Supply and Demand-elweiser
wandelweiser, Profundity, and the
Devalorization of Material
It seems as if recent considerations of the wandelweiser collective of composers have failed to take into account the deep-seated connection of the collective to both capital, and free-market economic models. This essay seeks to explore these connections on the level of both economics and material.
The wandelweiser collection of composers are primarily characterized by quiet volume levels, sparse intentionally-sounding material, and an intense listening. However, their approach towards material appears to be both self-sabotaging and contradictory, leading to devalorization.
Devalorization of material occurs at the point at which style or technique stabilize, becoming manifest at the precise moment at which pastiche becomes possible. This stylistic or technical coherence always occurs at the expense of the material itself. Once a style or technique becomes settled, the material utilized becomes interchangeable with any other type of material, and thus, to introduce the concept of an economic view of material, loses its value by violating the economics of scarcity. If a Bach fugue can be created out of a Nokia ring-tone or a Britney Spears melody, then it makes precious difference what material is utilized in it – this material becomes worthless, simply for the fact that it loses the scarcity that gave it value in the first place.
However, this stylistic stability, while creating a market-metaphor that annihilates a material's value, is also the medium which allows the work to gain value in the musical market-place; its style or technique creating a fixed brand identity which allows commodification to occur. This commodification, and its stylistic and technical coherence also functions following the marketing idea of Category Positioning. For a composer, a pan-stylistic/technical output will undermine market success (see the under-played outputs of Kagel and mid-period Cage), whilst a homogonized stylistic out-put allows branding and the creation of a new stylistic "category". One of the principles of Category Positioning is that the creation of a new style is subject to the "ratchet effect", meaning that those who create a new category will stay at the top of that category, regardless of a decrease in quality.

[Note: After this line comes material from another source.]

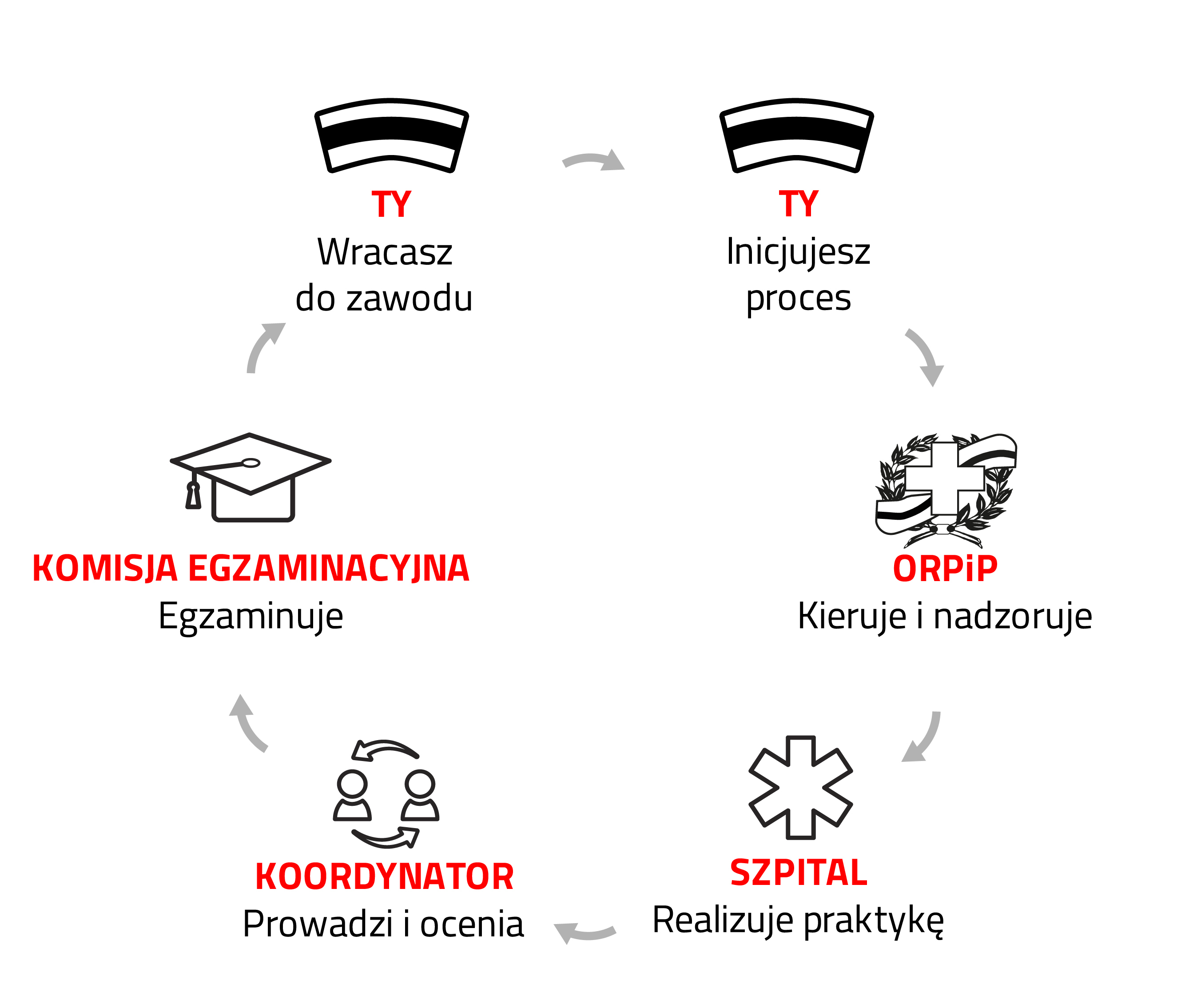 Proces powrotu do zawou angażuje kilka kluczowych osób i instytucji. Poniższy schemat przedstawia ich wzajemne relacje i przepływ odpowiedzialności, od Twojego wniosku po finalne zaświadczenie.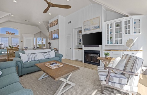 There are several decks off the home - three facing the sand dune and ocean off the back of the home, where you can relax in one of the many chairs, while listening to the waves or watching the kids play in the private pool. The 7-person hot tub is situated near the pool, so that you and your family can relax in the cool pool or the hot tub, while keeping sight of everyone. You can also relax in the hot tub and star-gaze at night. Pro-tip – turn off all the lights in the house to experience pure serenity from the hot tub under the moon and stars!

The idea of an artificial economy of scarcity is central to the wandelweiser project but, rather than monetary value gained, these composers instead trade in something that has far more intellectual caché &ndash: profundity. When the density of intentionally-sounding events drops to a level at which its scarcity becomes a feature, its value increases. If this is coupled with an extended duration the perceived profundity of each sound becomes amplified. One might phrase this interaction as such:
Value = Duration/Density of material
However, it would be tempting to see only intentionally-sounding events (such as those produced by instruments) as “material”, this would be to undersell the wandelweiser conceptual basis, which also sees silence as a type of material. This silence clearly fits the devalorization model discussed earlier, as this material is rarely specified (as it could be by defining the performance space, number of people, room acoustics etc.) Instead, this material type is often completely interchangeable, and thus, completely devalorized.
The idea of silence-as-material comes from Cage, and the wandelweiser attitude owes much to Cage's later period of composition and his inevitable personal corruption. The first half of Cage's career can be seen as an articulation of a simple but beautiful idea:
All sounds are equal...
To which his later compositions add the corollary:
...but some sounds are more equal than others.
By this, I mean that the inclusivity of his earlier ideas were then compromized by a desire to only write quiet pieces with long notes and silence, a tradition continued by the wandelweiser school, which wallows in his corruption. This movement, from inclusivity to a very specific stylistic and technical vocabulary, utterly devalorized his material whilst simultaneously mirroring a movement from Anarchism (as can be seen in the anarcho-syndicalist sociological set-up of pieces like Musicircus) to a disguised support for the liberal-democratic project, exemplified by his Number Pieces, in which the illusion of choice masks the subordination of the the player to the articulation of a formal structure in which their contributions have no value.
In mirroring Cage's corruption, wandelweiser adopts a stylistic and technical veneer which utterly devalorizes its material, whilst simultaneously buying into Cage's political affiliations – they are a business after all. Thus, the profundity that should be gained through the decrease in density and increase in duration is sabotaged by the pastiche-able surface which acts as a wallpaper designed to mask their market-based manouverings.
The way in which wandelweiser attempts to increase the profundity of their works by increasing the durational aspects and lowering the density typifies a very specific bourgeois approach to duration. The idea that low density, long pieces are profound, is primarily a mindset indulged by people who have never had office jobs, engaged in factory work, or any employment that involves a high level of boredom over extended durations. The idea that the duration of a Feldman late string quartet or a four hour piece exerts on the material a type of profundity through the exceptionality of its duration is utterly transparent to anybody who has spent seven and a half hours a day, five days a week doing data entry.
So, wandelweiser is revealed as a collective which uses ideas of a market-based approach to material, coupled with a j'amais travaille approach to duration, as politically questionable as Russolo's fetishization of the sounds of industry, as a way to increase the value of a material utterly undermined by a stylistic coherence borrowed from the political and personal corruption of a composer completely co-opted by the liberal democratic project.